• **TASK ITEM**
Word-for-word transcription: reproduce all of the data, but not the pictures.

• **DATA BLOCK**

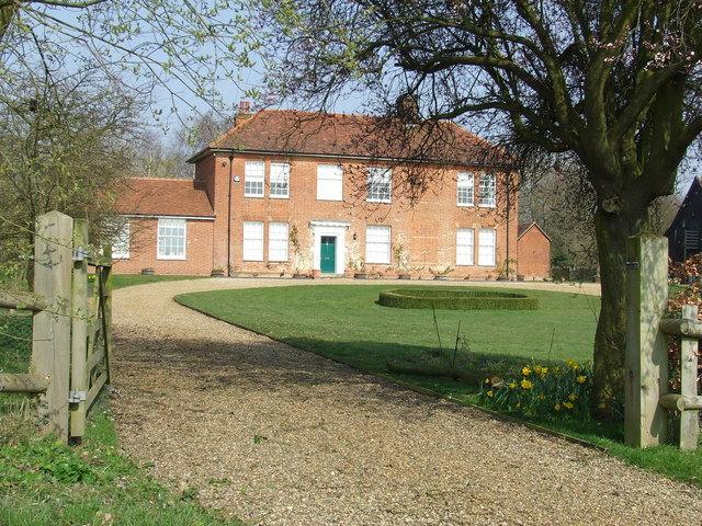 Burstall Hall Most of Burstall Hall and it's farm fall into the next square north but on the 1:25:000 O.S. map this part is in this square near to Burstall, Suffolk.
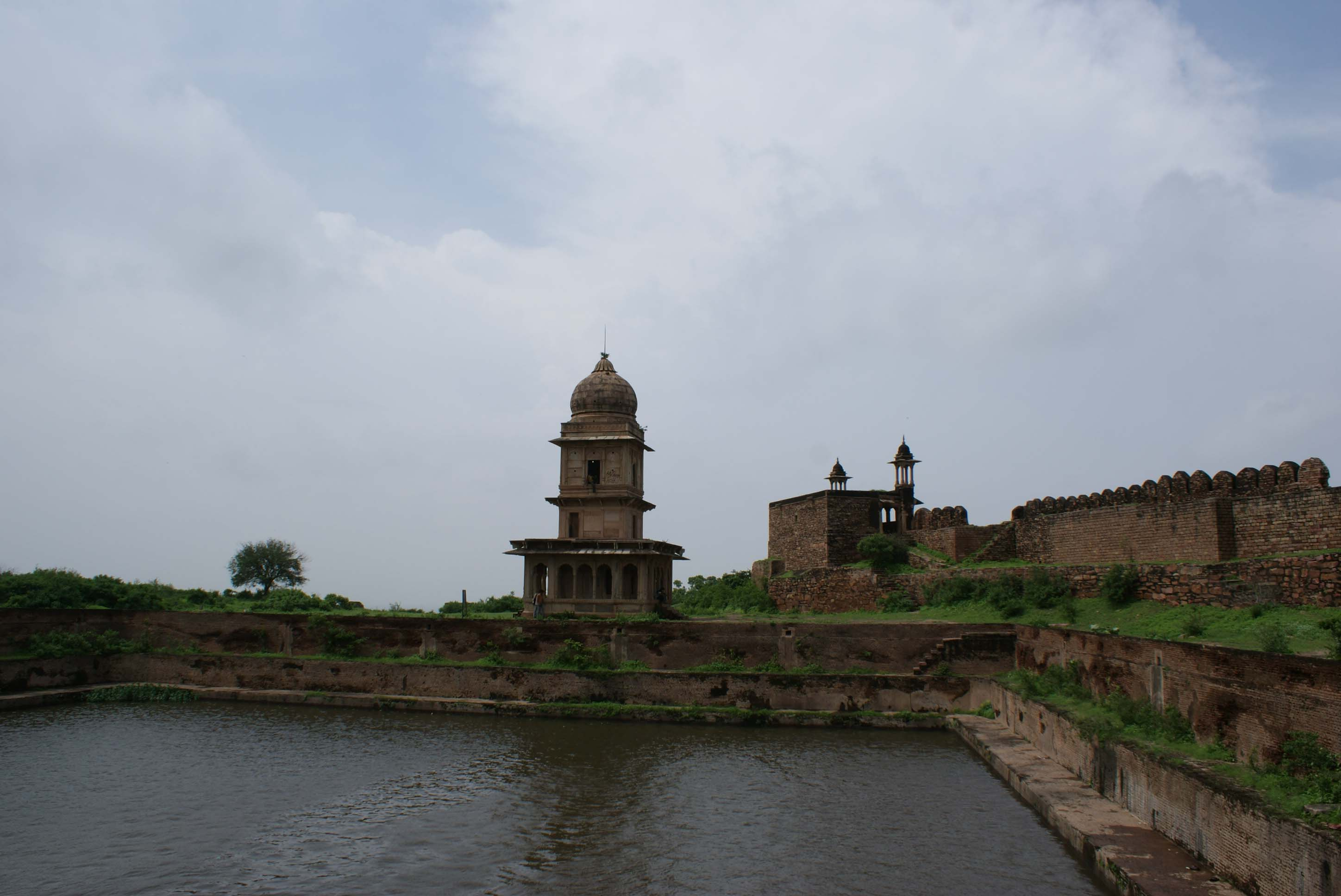 Gwalior fort water pool
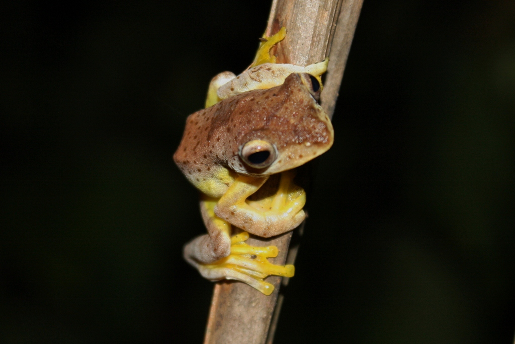 Found next to the Loboc river on Bohol.

• **RESULT BELOW**
 Burstall Hall Most of Burstall Hall and it's farm fall into the next square north but on the 1:25:000 O.S. map this part is in this square near to Burstall, Suffolk.
 Gwalior fort water pool
 Found next to the Loboc river on Bohol.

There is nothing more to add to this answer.